The term ‘Daily Me’ was first coined in 1995 by author and MIT Lab founder Nicholas Negroponte. Law professor Cass Sunstein took up this notion in his book published in 2001 (he also wrote about it in the updated version 2.0 published last year) on which he wrote: ‘It is some time in the future. Technology has greatly increased people’s ability to “filter” what they want to read, see, and hear. General interest newspapers and magazines are largely a thing of the past. The same is true of broadcasters. The idea of choosing “channel 4” or instead “channel 7” seems positively quaint. With the aid of a television or computer screen, and the Internet, you are able to design your own newspapers and magazines. Having dispensed with broadcasters, you can choose your own video programming, with movies, game shows, sports, shopping, and news of your choice. You mix and match.’ He decribed this utopian vision as a very possible threat to democracy and asks out loud if we really want these kind of applications.

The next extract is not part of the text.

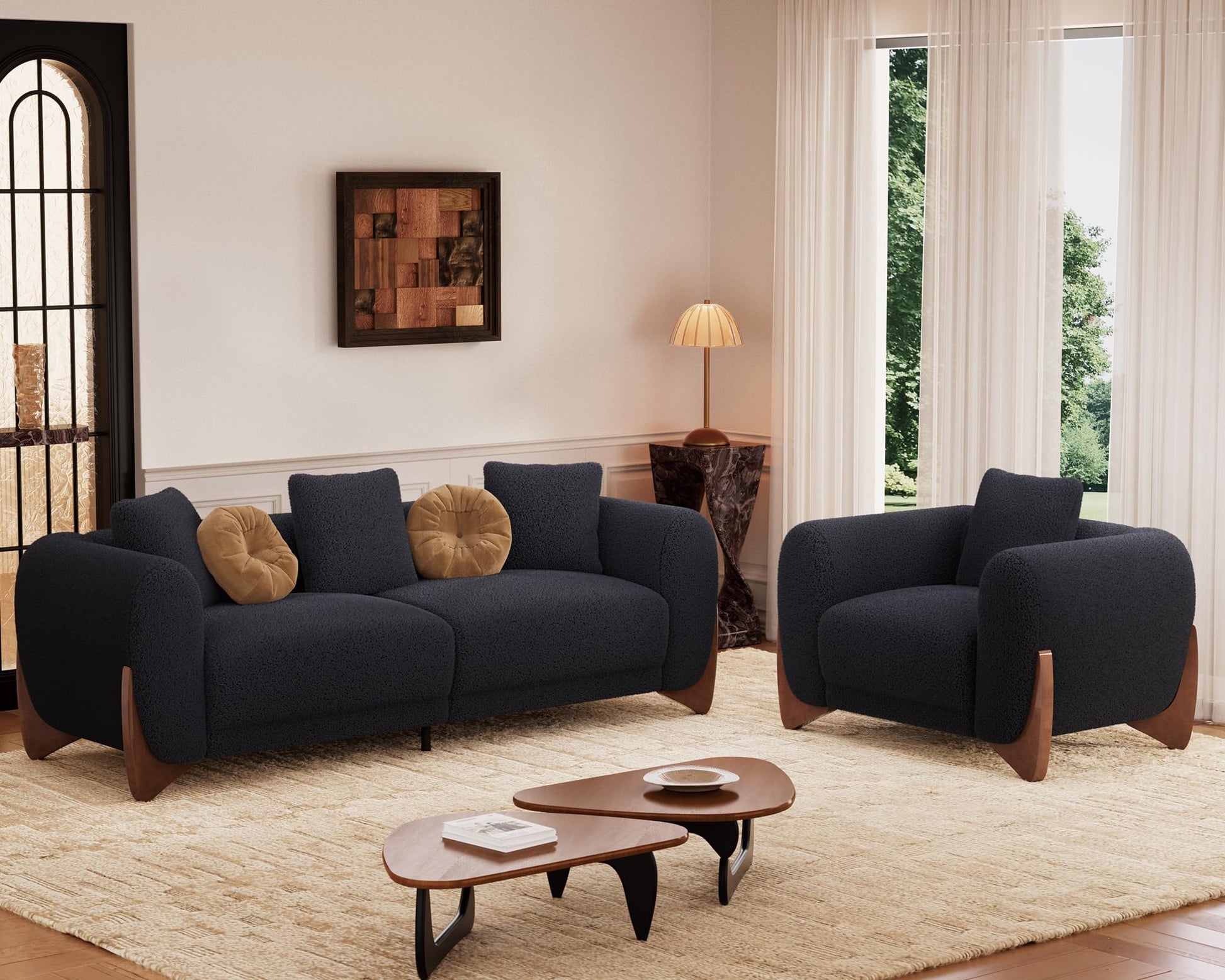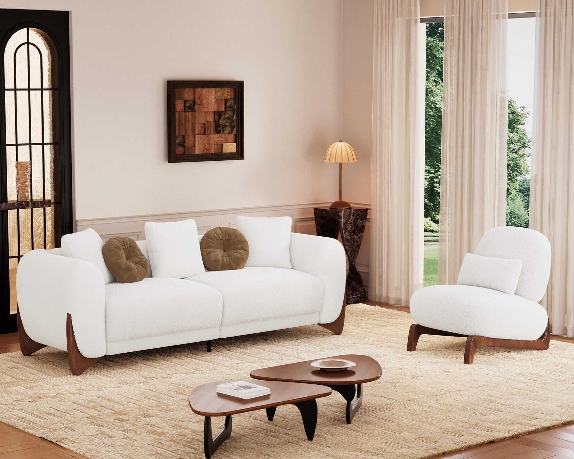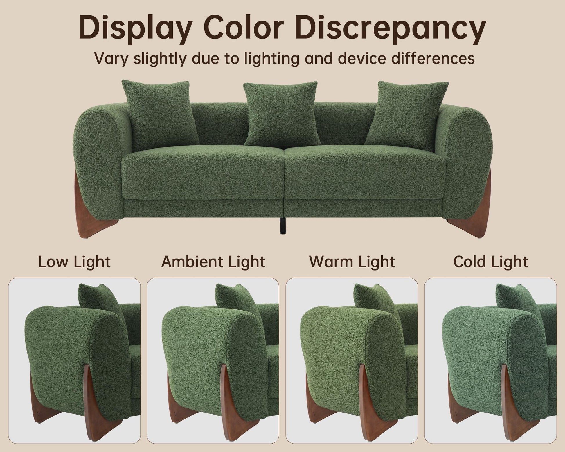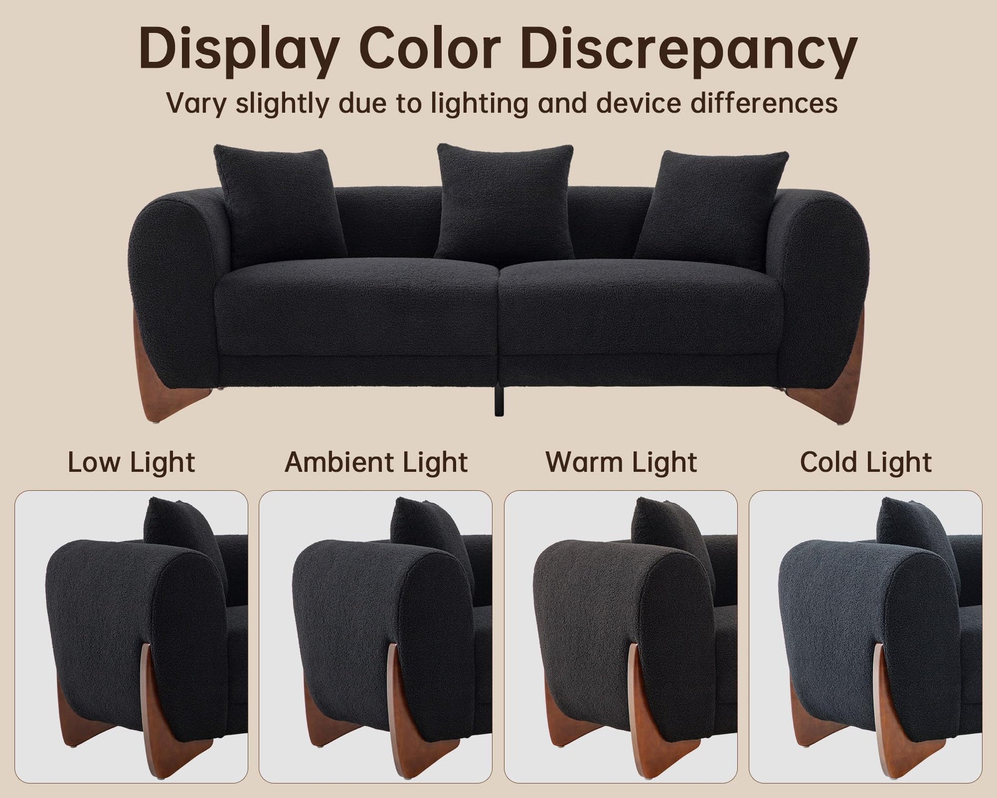 - 【Durable Construction for Long-Lasting Use】 Built to last, this 3-seater sofa features a robust wooden frame and legs for unwavering stability. The high-resilience foam maintains its shape, while the durable boucle fabric resists wear and tear. This sofa couch is designed to withstand daily use, ensuring your modern sofa remains stylish and functional for years.

Just four years later, in 2005, this idea of a Daily Me became reality when internet entrepeneur Eduardo Hauser founded, a website that allows users to choose and sort their own content. They state: ‘DailyMe is changing the way news is read and delivered with its advanced news experience that meets the needs of modern-day consumers by combining the best of journalism, technology, and community. DailyMe is a news provider and content platform that allows you to customize, personalize, aggregate, share, and interact with the news, blogs, columns and stories that interest you. At, users have access to three views of the news – editorialized, personalized and socialized.’

Creating an account is easy and free of charge. Just enter your e-mailadress and username and you can start creating your DailyMe. There are several categories of news that you can choose and add to your personal profile, such as ‘World news’, ‘U.S. news’, ‘Elections’, ‘Money’, ‘Technology’, ‘Sports’, ‘Science’, ‘Health’, ‘Entertainment’ and ‘Lifestyle’. All of these categories are divided into subcategories, from which you can also choose. Elections, for example is divided into two subcategories: John McCain and Barack Obama. Technology is divided into the subcategories Computer & Software, Gadgets, Gaming and Internet. Once you’ve created your DailyMe – with only the news you want to read- you can choose in what format you’d like your news brought to you; whether this be via e-mail (with or without a pdf attachment) or your mobile phone.

Now that we know how an actual Daily Me is created we can aks ourselves what kind of (online) culture or other personalized (news)websites are producing. And we should consider if Cass Sunstein was right when he wrote that features like this can threaten democracy and fragmentize society. In an article published on the website TPM (Talking Points Memo) Cafe, Sunstein writes: ‘Many people are now using the Internet to create something like a Daily Me. And many people are now celebrating the rise of countless niches, of long tails, and of collaborative filtering, all of which promote personalization. What is wrong with countless editions of the Daily Me? One problem is an absence of shared experiences: diverse nations need some social glue, and shared experiences can provide that glue, because they give people a sense that they are involved in a common enterprise. National holidays are important partly for that reason. Shared communications experiences, as opposed to information cocoons, have a similar function. (Think of a presidential debate.)’

But should a website for personalized news really be viewed as something that causes absence of shared experiences? Somehow this seems a bit drastic to me. I can’t help but think that people have always chosen their own content. Even before most of us had Internet acces, we could choose whether or not to read a newspaper article or to watch news reports. Of course, in this day and age it is even easier to select and divide. But does this really mean we deprive ourselves from the social glue that keeps us all together? And what will happen if the stickyness has gone?

I think it is important to keep society’s best interest in mind and really consider what consequences certain Web 2.0 applications may have. But I also think we should not get ahead of ourselves and realize personalized (news)websites can be a huge benefit. With the objective of bringing custom news to those who want and seek it, DailyMe can be considered a news sharing experience, that might even glue some of us back together.